[Start of section]

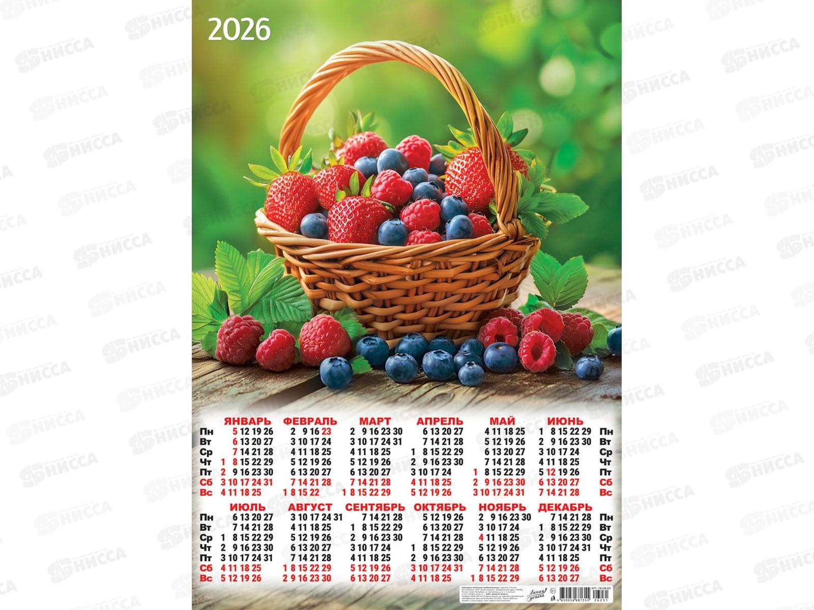 Календарь листовой 2026 А2 ЛиС Ягодная корзина, ПО-26-231 *100
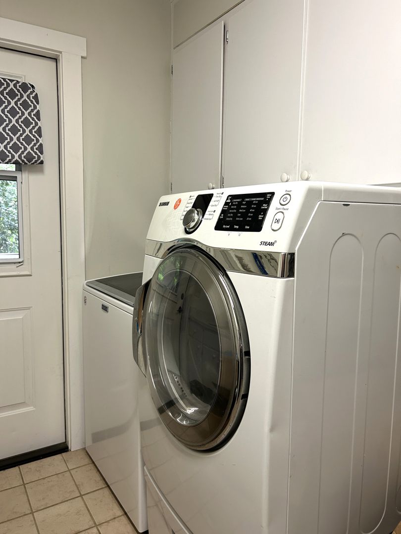 The upper level includes an updated kitchen with newer appliances, two bedrooms, a full bathroom, dining area, and the main living room. Downstairs, you'll find the laundry area, an additional living space, a full bathroom, and a primary bedroom.
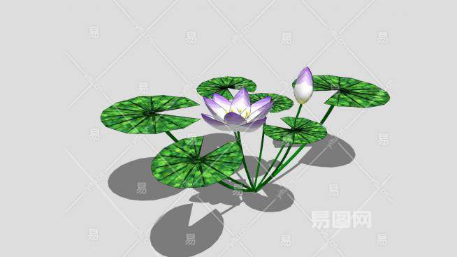 紫色莲花莲叶SU模型下载_sketchup草图大师SKP模型
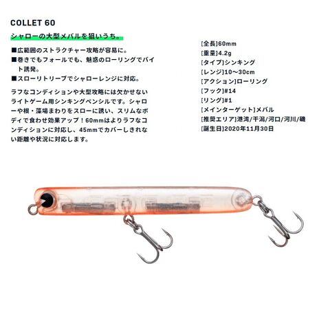 シャローや根・藻場まわりをスローに誘い、スリムなボディで食わせ効果アップ!
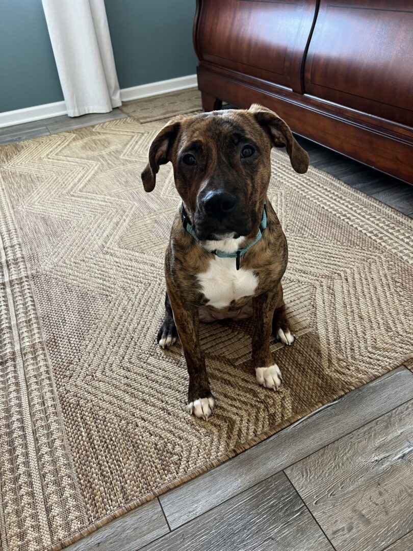 See Willow D6156’s HomepageGo to our official websiteYou can fill out an adoption application online on our official website. This beautiful brindle pit mix girl is the perfect blend of fun and laid-back. Willow enjoys playful moments, but her true happy place is stretched out on the couch, soaking up time with her people and her doggy crew. She’s very social in a thoughtful way—she does great with other dogs in the home, respectfully giving senior dogs their space and gently playing with younger ones. Willow is kennel trained, spending time resting there while her humans are at work and sometimes during the night, although to be honest, she’d much rather curl up on the bed with the rest of her pack. She’s very food motivated and truly aims to please, which makes her a great candidate for continued training. When her foster family gets home, Willow is thrilled to see them and may show her excitement with a little extra wiggle and enthusiasm—she’s currently working on calm greetings, and a quick sprint around the back yard and some human interaction are all she needs to settle down. Because of her excitement she has potential to knock very small children over. Willow still has occasional accidents but is figuring out what it means to live in a home and is getting the routine down. Her adopters should be patient while she continues to develop her house training skills. If you’re looking for a sweet, affectionate dog who can happily coexist with other pups and still be your dedicated couch companion, this brindle beauty could be your perfect match. Interested in adopting this lovable animal? Please go to our website www.wagsmn.org and fill out an Adoption Application. Once the application is processed, a Wags representative will contact you, answer any questions you may have, and set up a time/location for a meet and greet! A home visit is required prior to adoption. Thank you for choosing to adopt! Breed and temperament determination: Wags & Whiskers Animal Rescue attempts to determine breed and temperament using a combination of looks, information provided to us at intake, and our experience with the animal while in our Rescue. We do not guarantee this determination.
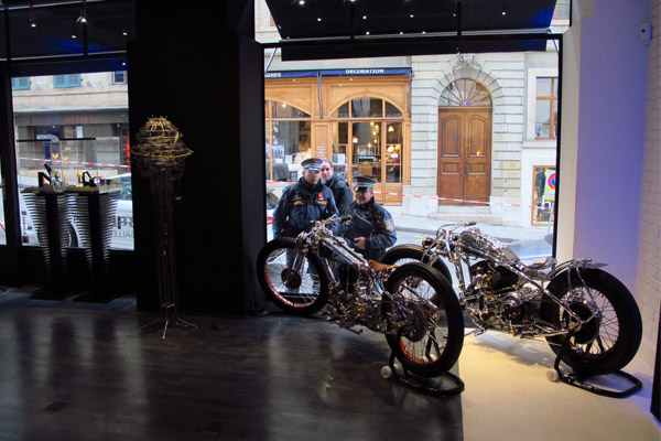 落地窗是相當醒目的櫥窗位置,MB&F在此放了兩台造型特殊的重型機車,對!這也是Max喜歡的作品。比起腕錶,看來這大傢伙更能引人注目。
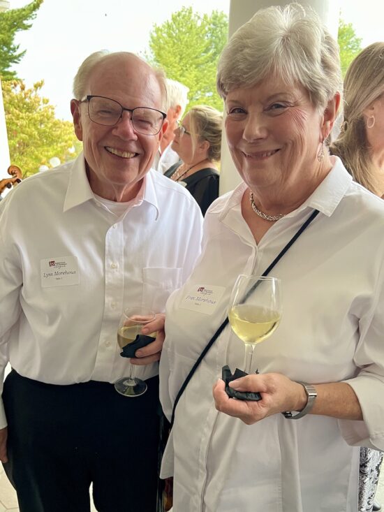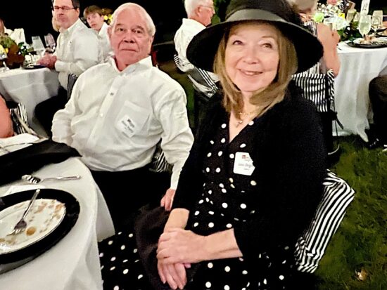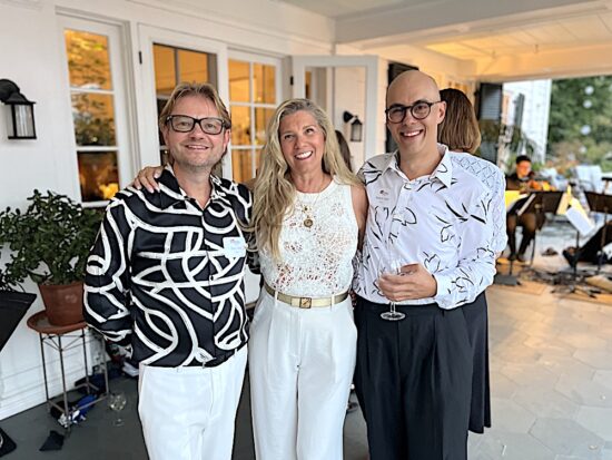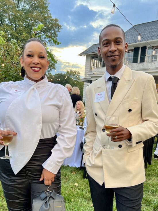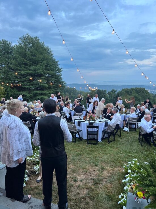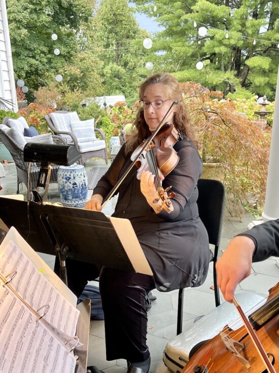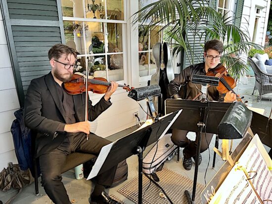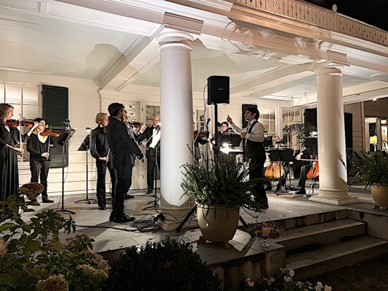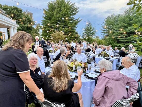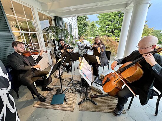 The League sent out text messages for guests to delay their arrival, but few received the word in time. The League volunteers frantically covered the already-set tables in the yard of Ridgefield Manor with plastic tarps to hopefully keep them somewhat dry. And they hearded arriving guests into the home’s carriage house for cocktails and hors d’oeuvres instead of serving them on the porch and the lawn as they had planned. A quartet of Symphony musicians, which were set up to perform on a platform on the lawn, was moved under the cover of the porch.
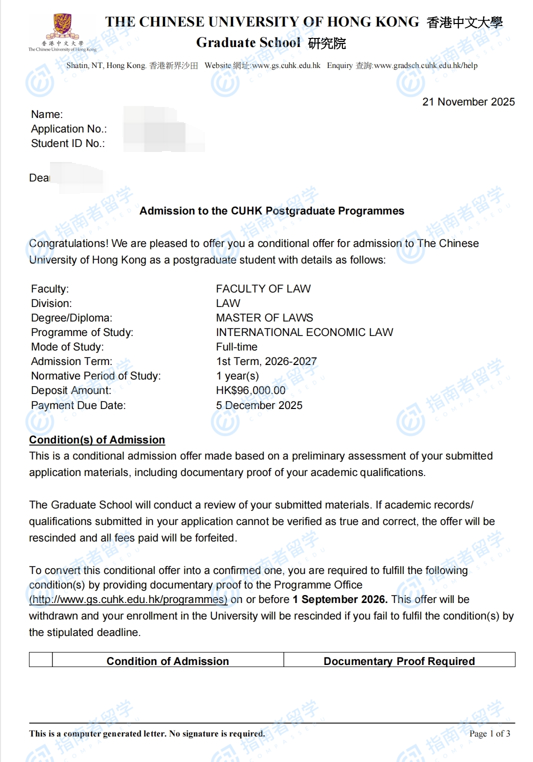 香港中文大學(xué)國(guó)際經(jīng)濟(jì)法法學(xué)碩士研究生offer一枚
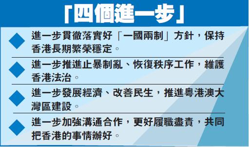 雙方都談到,要按照中央要求,進一步貫徹落實好「一國兩制」方針,保持香港長期繁榮穩定;進一步推進止暴制亂、恢復秩序工作,維護香港法治;進一步發展經濟、改善民生,推進粵港澳大灣區建設;進一步加強溝通合作,更好履職盡責,共同把香港的事情辦好。雙方堅信,有中央對香港的高度重視和關心,有強大祖國作堅強後盾,有香港社會各界的共同努力,香港一定能重回正軌,再創輝煌。

[End of section]

• **EXERCISE**
Line for line, retype the material exactly, omitting any pictures.

• **REPLY TO THE TASK**
 Календарь листовой 2026 А2 ЛиС Ягодная корзина, ПО-26-231 *100
 The upper level includes an updated kitchen with newer appliances, two bedrooms, a full bathroom, dining area, and the main living room. Downstairs, you'll find the laundry area, an additional living space, a full bathroom, and a primary bedroom.
 紫色莲花莲叶SU模型下载_sketchup草图大师SKP模型
 シャローや根・藻場まわりをスローに誘い、スリムなボディで食わせ効果アップ!
 See Willow D6156’s HomepageGo to our official websiteYou can fill out an adoption application online on our official website. This beautiful brindle pit mix girl is the perfect blend of fun and laid-back. Willow enjoys playful moments, but her true happy place is stretched out on the couch, soaking up time with her people and her doggy crew. She’s very social in a thoughtful way—she does great with other dogs in the home, respectfully giving senior dogs their space and gently playing with younger ones. Willow is kennel trained, spending time resting there while her humans are at work and sometimes during the night, although to be honest, she’d much rather curl up on the bed with the rest of her pack. She’s very food motivated and truly aims to please, which makes her a great candidate for continued training. When her foster family gets home, Willow is thrilled to see them and may show her excitement with a little extra wiggle and enthusiasm—she’s currently working on calm greetings, and a quick sprint around the back yard and some human interaction are all she needs to settle down. Because of her excitement she has potential to knock very small children over. Willow still has occasional accidents but is figuring out what it means to live in a home and is getting the routine down. Her adopters should be patient while she continues to develop her house training skills. If you’re looking for a sweet, affectionate dog who can happily coexist with other pups and still be your dedicated couch companion, this brindle beauty could be your perfect match. Interested in adopting this lovable animal? Please go to our website www.wagsmn.org and fill out an Adoption Application. Once the application is processed, a Wags representative will contact you, answer any questions you may have, and set up a time/location for a meet and greet! A home visit is required prior to adoption. Thank you for choosing to adopt! Breed and temperament determination: Wags & Whiskers Animal Rescue attempts to determine breed and temperament using a combination of looks, information provided to us at intake, and our experience with the animal while in our Rescue. We do not guarantee this determination.
 落地窗是相當醒目的櫥窗位置,MB&F在此放了兩台造型特殊的重型機車,對!這也是Max喜歡的作品。比起腕錶,看來這大傢伙更能引人注目。
 The League sent out text messages for guests to delay their arrival, but few received the word in time. The League volunteers frantically covered the already-set tables in the yard of Ridgefield Manor with plastic tarps to hopefully keep them somewhat dry. And they hearded arriving guests into the home’s carriage house for cocktails and hors d’oeuvres instead of serving them on the porch and the lawn as they had planned. A quartet of Symphony musicians, which were set up to perform on a platform on the lawn, was moved under the cover of the porch.
 香港中文大學(xué)國(guó)際經(jīng)濟(jì)法法學(xué)碩士研究生offer一枚
 雙方都談到,要按照中央要求,進一步貫徹落實好「一國兩制」方針,保持香港長期繁榮穩定;進一步推進止暴制亂、恢復秩序工作,維護香港法治;進一步發展經濟、改善民生,推進粵港澳大灣區建設;進一步加強溝通合作,更好履職盡責,共同把香港的事情辦好。雙方堅信,有中央對香港的高度重視和關心,有強大祖國作堅強後盾,有香港社會各界的共同努力,香港一定能重回正軌,再創輝煌。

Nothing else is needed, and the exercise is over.